The results also show that the approximation effect improves as the number of equidistant nodes grows, and it resists the wild oscillations (Fig. 3). Finally, we compared the approximation errors of the classical Berrut’s interpolant with that in the present study by using the function \(g_{3}(x)\). The results show that their effects are similar in general when the node number n is not very large (Fig. 4). Theoretically, the interpolant has advantages when n is very large in terms of Theorem 2. However, an experiment is difficult to conduct due to the limitation of computing power. We programmatically calculate the constants of our operator for nodes ranging from 10 to 200 and display our upper and lower bounds in Fig. 5.

Fig. 1
figure 1

The Lebesgue function of the interpolant at \(n + 1\) equidistant nodes for \(n = 20, 40,80, 200\) from the top row to the bottom row and from the left to the right, respectively

Fig. 2
figure 2

The plots of the approximation effect using the interpolant. The top left plot is of Runge function, and the plots from top right, the bottom left, and the bottom right are of the interpolant functions with equidistant node number \(n =20, 40,100\)

Fig. 3
figure 3

The plots of the approximation effect using the interpolant.
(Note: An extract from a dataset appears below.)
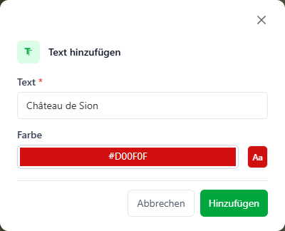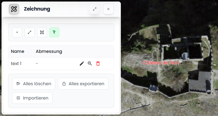 Das Werkzeug Text ermöglicht es, Anmerkungen direkt auf der Karte hinzuzufügen.

The top left plot is of the function \(g_3(x)\), and the plots of the top right, the bottom left, and the bottom right are of the interpolant functions with equidistant node number \(n = 20, 40, 100\)

Fig. 4
figure 4

The top row figures from left to right are the approximation effect graph and error graph of the function \(g_3(x)\) by the interpolant. The bottom row figures from left to right are the approximation effect graph and error graph of the function \(g_3(x)\) by the proposed interpolant

Fig. 5
figure 5

Upper and lower bounds of the proposed Lebesgue constant are shown by the hollow dot line and the black dot line respectively, and the exact Lebesgue constants are indicated by the red dot line

5 Conclusion

We have introduced a new linear rational interpolant and provided the upper and lower bounds of the Lebesgue constant in equidistant node case. These bounds are the finite constants, which are very smaller to that of the other rational interpolant. We have also proven the convergence of using the new rational interpolant to approximate any continuous functions. Furthermore, we have obtained the approximation error of using the interpolant to approximate any continuous functions in terms of its modulus of continuity. These results are supported by numerical examples. Finally, we have made a comparison with the other interpolant. The results show that the approximation error is almost the same as Berrut’s interpolant. For a larger n, the other interpolant and functions with discontinuous derivatives are compared.